Aerion Supersonic shuts down

Dream of supersonic business jet dies hard as funding dries up

(IMAGE: Aerion) Supersonic, the Florida-based supersonic business jet developer, has called it quits and is shutting down. The would-be maker of quiet supersonic business aircraft said it had trouble securing funding in the “current financial environment” and was going through the “appropriate steps”.

Earlier this year, Aerion held talks to go public through a special purpose acquisition company. (IMAGE: Aerion)

The company had planned to build what it called the AS2 supersonic business jet meant to cruise at speeds over 1,000mph without the sonic booms and cabin noise that plagued aircraft like the Concorde. It was supposed to fly by 2024 and enter service by 2026. Aerion had a number of high-profile partners, including Boeing and GE. Aerion didn’t say what would happen to the company’s assets following the shutdown. The company had been touting new developments as recently as late April. Avion Pacific was set to be the launch customer for the AS2 in Asia-Pacific, having placed an order for three aircraft in December 2019.

This isn’t the end to private supersonic air travel. Boom Supersonic is still developing its Overture airliner with hopes of passenger flights by 2029.

Overture is Boom’s 65-88 seat supersonic airliner, capable of running on 100 percent sustainable aviation fuel. (PHOTO: Boom)

“The AS2 supersonic business jet program meets all market, technical, regulatory and sustainability requirements and the market for a new supersonic segment of general aviation has been validated with US$11.2 billion in sales backlog for the AS2,” the company said in an statement. “However, in the current financial environment, it has proven hugely challenging to close on the scheduled and necessary large new capital requirements to finalize the transition of the AS2 into production. Given these conditions the Aerion corporation is now taking the appropriate steps in consideration of this ongoing financial environment.”

Aerion was founded by Texas billionaire Robert Bass. Despite high profile supporters like Boeing and GE, those companies have their own problems to deal with.
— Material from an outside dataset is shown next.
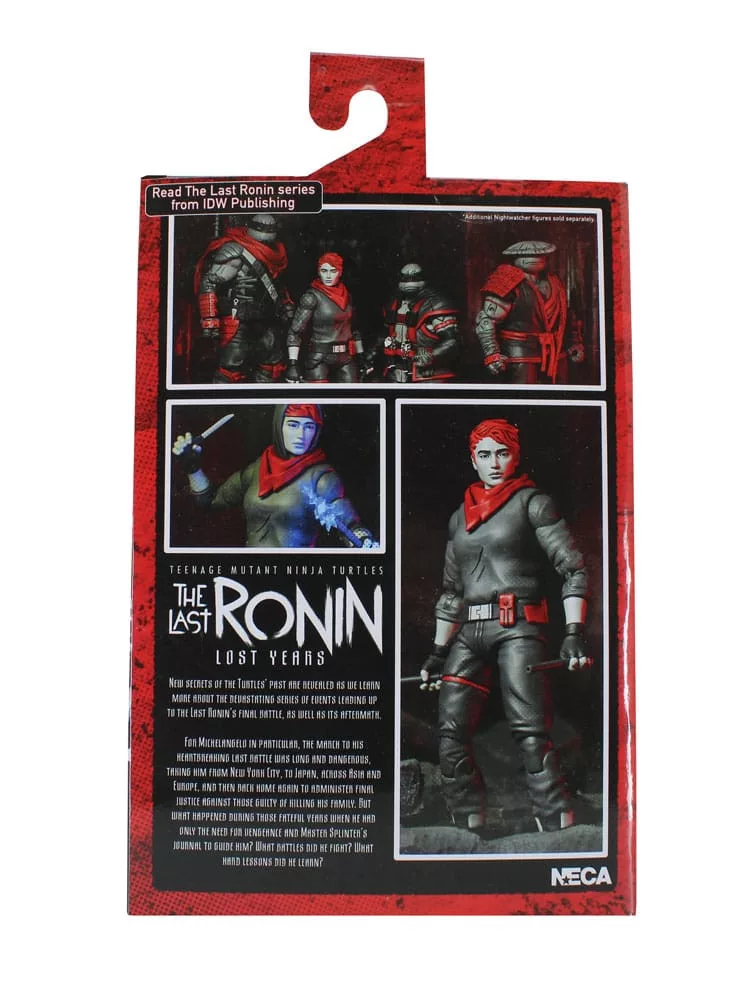 From the Teenage Mutant Ninja Turtles comic book series, The Last Ronin - The Lost Years! The tale of the Last Ronin's first mission continues as new secrets from the Turtles' past are revealed. After Raphael has fallen, the remaining Turtles regroup and form the Nightwatchers along with April and Casey. As seen in issue #3, this April O'Neil action figure stands in 7-inch scale and features a stylized paint job for a comic-authentic look. Accessories include shock batons and energy effects, rebar, and vegetable knife. April is the last of the NECA Nightwatcher figures needed to complete the team (sold separately). Comes in collector-friendly packaging with original illustrations by The Last Ronin artist Ben Bishop.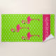 Dieses niedliche Badetuch mit hellrosa Flamingos auf einem Hintergrund tropischer, grüner und weißer Polka-Punkte. Personalisieren Sie den passenden rosa und weißen Streifen mit Ihrem Namen oder speziellen Text.

Boeing has suffered for the past two years because of the grounding of its 737 MAX. Boeing had pledged to help Aerion with engineering and manufacturing when it announced “significant” backing for the company in 2019, ut the planemaker pared its funding in futuristic aircraft and dissolved its Boeing NeXt investment unit last year. “While we are disappointed Aerion could not secure additional funding to continue their work, we remain committed to working with innovative and creative partners who, like Aerion, continue to push limits on ground-breaking technology,” Boeing said in a statement.

Earlier this year, Aerion held talks to go public through a special purpose acquisition company, people familiar with the matter said in February. But there was a chance the talks would fall apart without an agreement, the people said at the time.